Ah, I'm excited to see someone else rocking the powerfist clamps / tools... good show.... some of that stuff is 1/2 decent... and like 1/2 the price too....


----------



## MikeNeal (Feb 24, 2017)

Deegatron said:


> Ah, I'm excited to see someone else rocking the powerfist clamps / tools... good show.... some of that stuff is 1/2 decent... and like 1/2 the price too....



these c clamps are tough. i can put some serious force into them with no issues



carved the neck and tummy cut on the 7 string.













feels great so far.


----------



## MikeNeal (Mar 1, 2017)

routed the neck pocket and pickup cavities on the 6 string





and i fit the hardware and strung up the 7 string. going to let it sit under tension for a week then finish sand and oil the guitar


----------



## Mr_Mar10 (Mar 2, 2017)

What a lovely pair 

Look forward to seeing them complete.


----------



## MikeNeal (Mar 5, 2017)

worked on the 6 string, trying to get it caught up to the 7 string
i drilled the neck and body for the bolts









then i drilled for the bridge.
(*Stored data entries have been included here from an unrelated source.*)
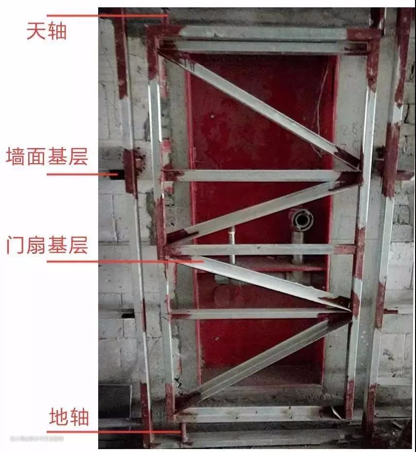 这是使用需焊接的天地轴对门扇进行开合作用。优点:承受荷载大,材料成本低,性能稳定。缺点:安装较麻烦,可开启角度小,开启不便。
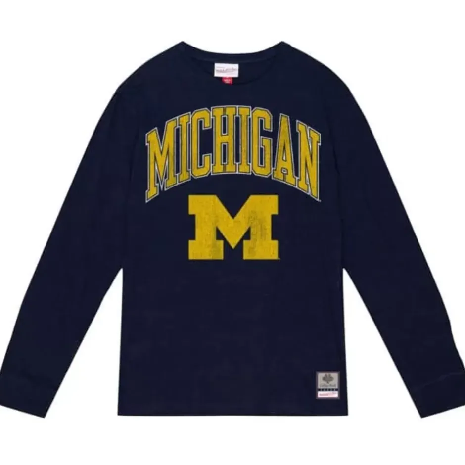 Men Mitchell & Ness T-Shirts & Tops-University Arch Logo Ls Tee University Of Michigan
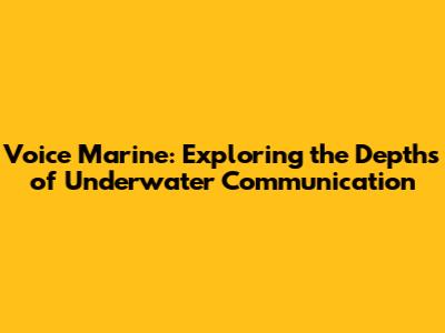 Voice Marine: Exploring The Depths Of Underwater Communication

Limba can be a pain in the ass to drill, even with a drill press, on a good day. so i have a bit of tear out for the ferrules, but the hipshot ferrules will cover the tear out i think









then i started carving the neck profile









applied some oil to see how it would look, i think it looks awesome





heres how it sits so far


----------



## BlackMastodon (Mar 7, 2017)

Damn, the back of the neck looks great. Also love the profile change from D to V cool.


----------



## electriceye (Mar 7, 2017)

Looking awesome!


----------



## MikeNeal (Mar 7, 2017)

BlackMastodon said:


> Damn, the back of the neck looks great. Also love the profile change from D to V cool.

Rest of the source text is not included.